The 22nd film chronicling the MCU, and the culmination of its third phase, is too brimful of elements to treat in a single blog post, and not all of them working.  So I’ll leave alone the inevitable (self-reflexive) paradoxes of a time-travel plot, and the weariness of more multiple quests for magic stones (albeit made here more palatable when sought through time, rather than space, this still feels, in parts, like a video game).  Some are movie-trite and artificial–though still great, for all that–such as the hero moment with Captain (Carol Danvers) Marvel flanked by all the women characters on the battlefield.  Rather, I’d like to reflect on an aspect that packs more wallop than a Hulk punch, and carries more [emotional] heft than Thor’s hammer.  In fact, many in the screening I attended were reduced to audible sobs, at the death of Iron Man’s alter ego.

And this is really the crux of the superior storytelling that has defined Marvel all along, and raises it consistently, since the 1960s, above its counterpart, DC.  Even Clint Barton’s brief, sadistic rampage through the underworld, in anguish over the deaths of his family–clearly an echo of the Batman mythology–seems more believable.  Endgame manages to convey empathy for Ronin, while not aligning with him.  He’s no good guy at that point, and the his fellow Avengers say so; he himself acknowledges it.  There’s no avenging, in the end; there’s maybe possible atonement.  Revenge is only an outward manifestation of anger at oneself.  At failure to protect; and more, failure to love properly, in the first place.  With Batman, it’s simply a willing suspension of disbelief on our part, that unconscious revenge motives can masquerade indefinitely as controlled justice.

Which returns me to Stark, opening the film with a clear visual homage to Hamlet holding Yorick’s skull in his very hand, contemplating his own failure and death.  I might call it the second stage of his arc of tragic development, as a character.  Having passed through his initial phase as a self-aggrandizing egomaniac, in several films, culminating in his alliance with the government in the superhero registration movement, Stark begins a suicidal spiral.  The film does a convincing job of reducing his body to skeletal, and, ranting at Cap about how he was right all along to privilege security over freedom, “Iron Man” tries to tear the electrical heart from his chest, in a melodramatic, verging on infantile, tantrum of self-indulgent masochism.

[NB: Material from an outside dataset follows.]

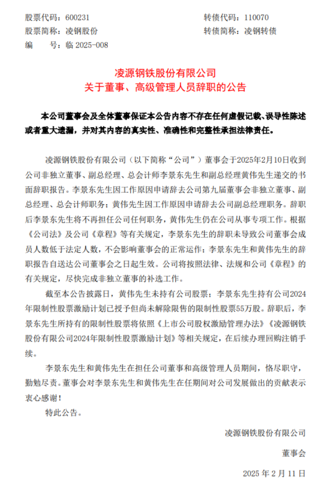 公告顯示,淩源鋼鐵股份有限公司(以下簡稱“公司”)董事會於2025年2月10日收到公司非獨立董事、副總經理、總會計師李景東先生和副總經理黃偉先生遞交的書麵辭職報告。李景東先生因工作原因申請辭去公司第九屆董事會非獨立董事、副總經理、總會計師職務;黃偉先生因工作原因申請辭去公司副總經理職務。辭職後李景東先生將不再擔任公司任何職務,黃偉先生仍在公司從事專項工作。
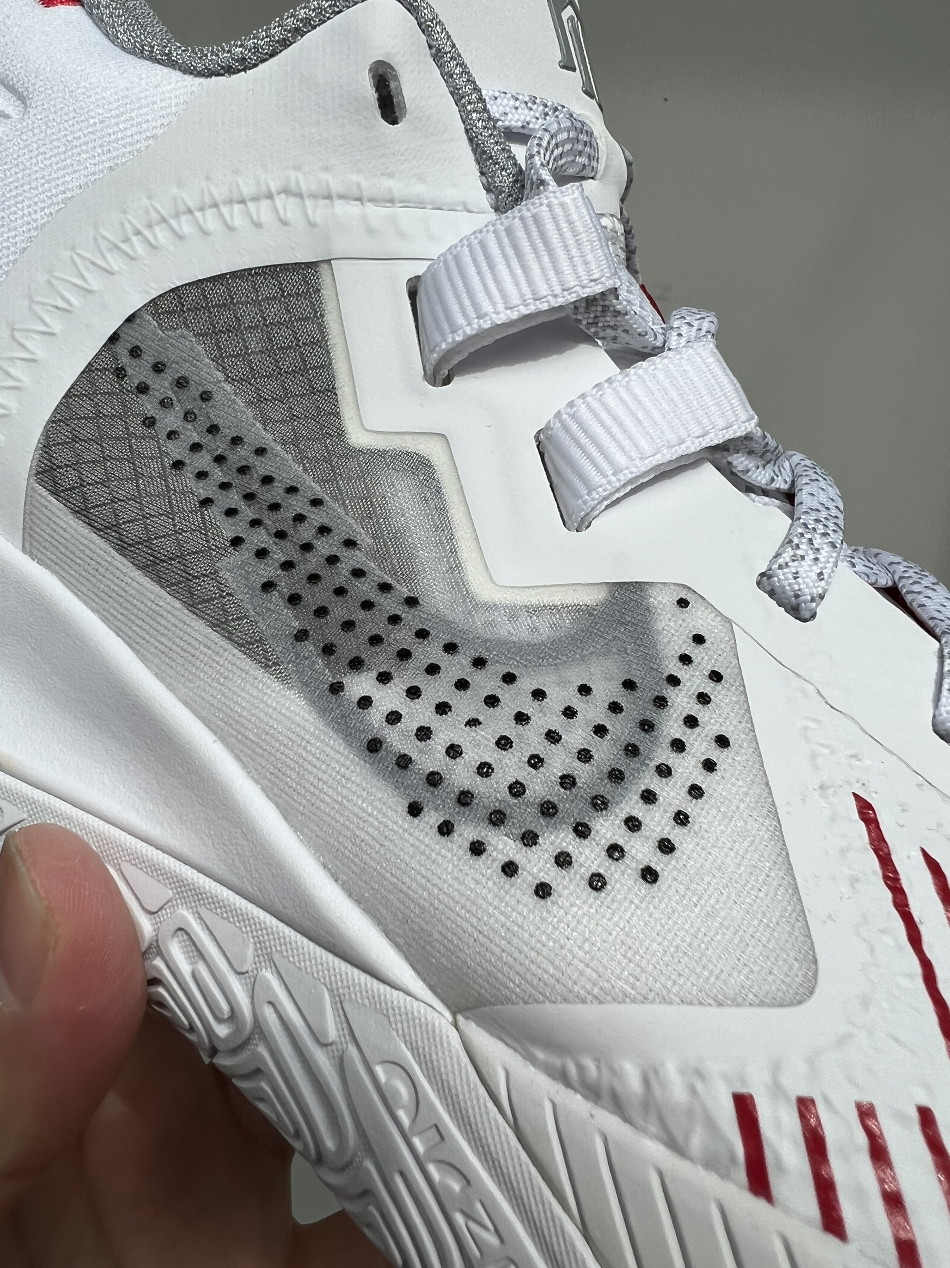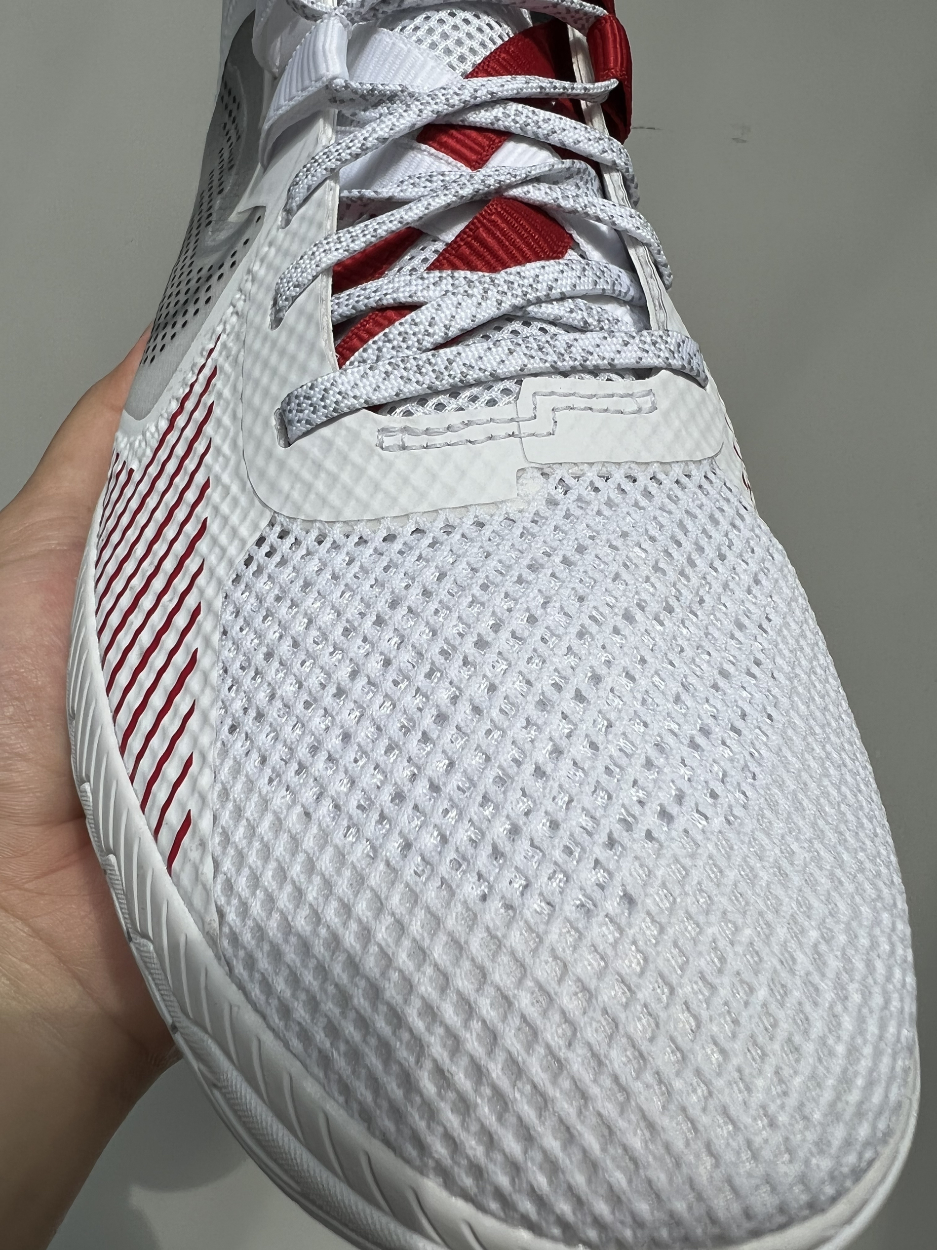 今天给大家带来一双欧文支线实战鞋 Nike Kyrie Flytrap 5 白红配色 了解 Flytrap 4 的朋友们一定会说太像了。 我认为这款 Flytrap 5 就是前作的升级版。 鞋子依旧采用了中帮设计,比之前更有设计感。 鞋面 一改之前大面积透明mono纱设计。采用了编织网格和mono纱的混合设计,并且增加了大面积的热熔压胶。这种设计极大的提升了鞋面的强度和鞋子整体的支撑性,同时还...

But, again, Marvel makes us privy to the source of such a tantrum.  In the five years that elapse since Thanos’ immolation of half the sentient beings in the universe, Stark’s life is among the few that improve: he fathers a sweet little girl.  He loves her; any of us would.  And, while the film is still trying to keep the time-travel bit from breaking loose from its mooring, the scientist points out that if history is set right, he will lose what he’s gained in the interim.  So naturally, he refuses to help, at first.  But he wouldn’t be Anthony Stark if he allowed Bruce Banner to out-invent him, so he reconsiders.  But for him, it’s really a “even if I win, I lose” proposition.  His child will never have existed.  And that’s the essence of the Marvel Universe, and, as Stan Lee conceived and ran it, the reflection was close to life.  We suffer.  We lose.  But in those moments of victory lie the kernels of nourishment to keep going.  We individuals may win the battles and lose the war, but it is still worth the fighting, in service to those who remain.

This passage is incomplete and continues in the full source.